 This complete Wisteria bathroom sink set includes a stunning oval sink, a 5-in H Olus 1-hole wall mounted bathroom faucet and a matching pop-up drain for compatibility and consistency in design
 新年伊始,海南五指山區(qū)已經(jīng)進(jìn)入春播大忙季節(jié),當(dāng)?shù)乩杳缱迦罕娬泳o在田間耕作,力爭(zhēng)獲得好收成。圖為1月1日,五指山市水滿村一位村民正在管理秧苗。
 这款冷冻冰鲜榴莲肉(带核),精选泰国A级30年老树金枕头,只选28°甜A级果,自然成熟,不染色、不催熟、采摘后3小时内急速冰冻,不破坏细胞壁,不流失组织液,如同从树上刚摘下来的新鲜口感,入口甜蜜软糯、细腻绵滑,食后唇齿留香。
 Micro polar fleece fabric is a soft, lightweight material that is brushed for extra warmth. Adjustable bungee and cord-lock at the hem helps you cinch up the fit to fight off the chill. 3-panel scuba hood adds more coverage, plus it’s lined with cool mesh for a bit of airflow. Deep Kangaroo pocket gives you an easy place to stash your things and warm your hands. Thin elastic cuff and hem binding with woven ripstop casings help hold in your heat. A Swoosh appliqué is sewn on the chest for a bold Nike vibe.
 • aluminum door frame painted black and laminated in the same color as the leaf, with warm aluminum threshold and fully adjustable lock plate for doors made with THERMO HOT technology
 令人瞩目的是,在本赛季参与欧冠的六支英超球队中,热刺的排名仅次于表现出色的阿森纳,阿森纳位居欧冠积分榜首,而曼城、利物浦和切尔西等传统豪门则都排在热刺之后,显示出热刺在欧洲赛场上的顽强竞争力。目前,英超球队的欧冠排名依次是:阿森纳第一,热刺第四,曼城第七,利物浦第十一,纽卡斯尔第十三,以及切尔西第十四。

--

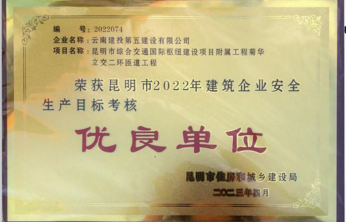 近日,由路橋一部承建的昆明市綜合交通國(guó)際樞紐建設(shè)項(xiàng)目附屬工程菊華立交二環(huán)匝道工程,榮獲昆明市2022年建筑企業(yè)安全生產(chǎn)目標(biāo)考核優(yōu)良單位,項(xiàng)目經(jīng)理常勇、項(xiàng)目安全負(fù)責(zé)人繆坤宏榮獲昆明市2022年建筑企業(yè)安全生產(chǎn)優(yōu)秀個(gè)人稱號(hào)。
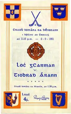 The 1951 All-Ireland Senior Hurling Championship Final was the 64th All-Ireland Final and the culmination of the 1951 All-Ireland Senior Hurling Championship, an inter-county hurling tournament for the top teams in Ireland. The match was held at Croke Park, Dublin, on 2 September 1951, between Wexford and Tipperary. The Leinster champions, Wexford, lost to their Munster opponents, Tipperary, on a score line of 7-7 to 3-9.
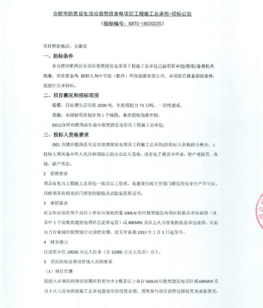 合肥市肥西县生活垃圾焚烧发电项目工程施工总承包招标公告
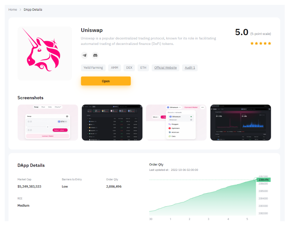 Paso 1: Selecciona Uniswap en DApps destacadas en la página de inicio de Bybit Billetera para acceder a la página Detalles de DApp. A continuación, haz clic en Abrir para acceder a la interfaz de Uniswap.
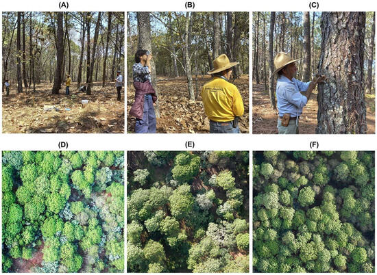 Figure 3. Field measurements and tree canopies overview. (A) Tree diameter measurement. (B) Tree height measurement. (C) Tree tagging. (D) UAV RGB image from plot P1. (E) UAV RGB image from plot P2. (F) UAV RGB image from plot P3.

Assigned task
What is asked for is an exact copy of the lines above from the one containing "This complete Wisteria" through the one containing "这款冷冻冰鲜榴莲肉(带核),精选泰国A级", and only those.

Solution below
 This complete Wisteria bathroom sink set includes a stunning oval sink, a 5-in H Olus 1-hole wall mounted bathroom faucet and a matching pop-up drain for compatibility and consistency in design
 新年伊始,海南五指山區(qū)已經(jīng)進(jìn)入春播大忙季節(jié),當(dāng)?shù)乩杳缱迦罕娬泳o在田間耕作,力爭(zhēng)獲得好收成。圖為1月1日,五指山市水滿村一位村民正在管理秧苗。
 这款冷冻冰鲜榴莲肉(带核),精选泰国A级30年老树金枕头,只选28°甜A级果,自然成熟,不染色、不催熟、采摘后3小时内急速冰冻,不破坏细胞壁,不流失组织液,如同从树上刚摘下来的新鲜口感,入口甜蜜软糯、细腻绵滑,食后唇齿留香。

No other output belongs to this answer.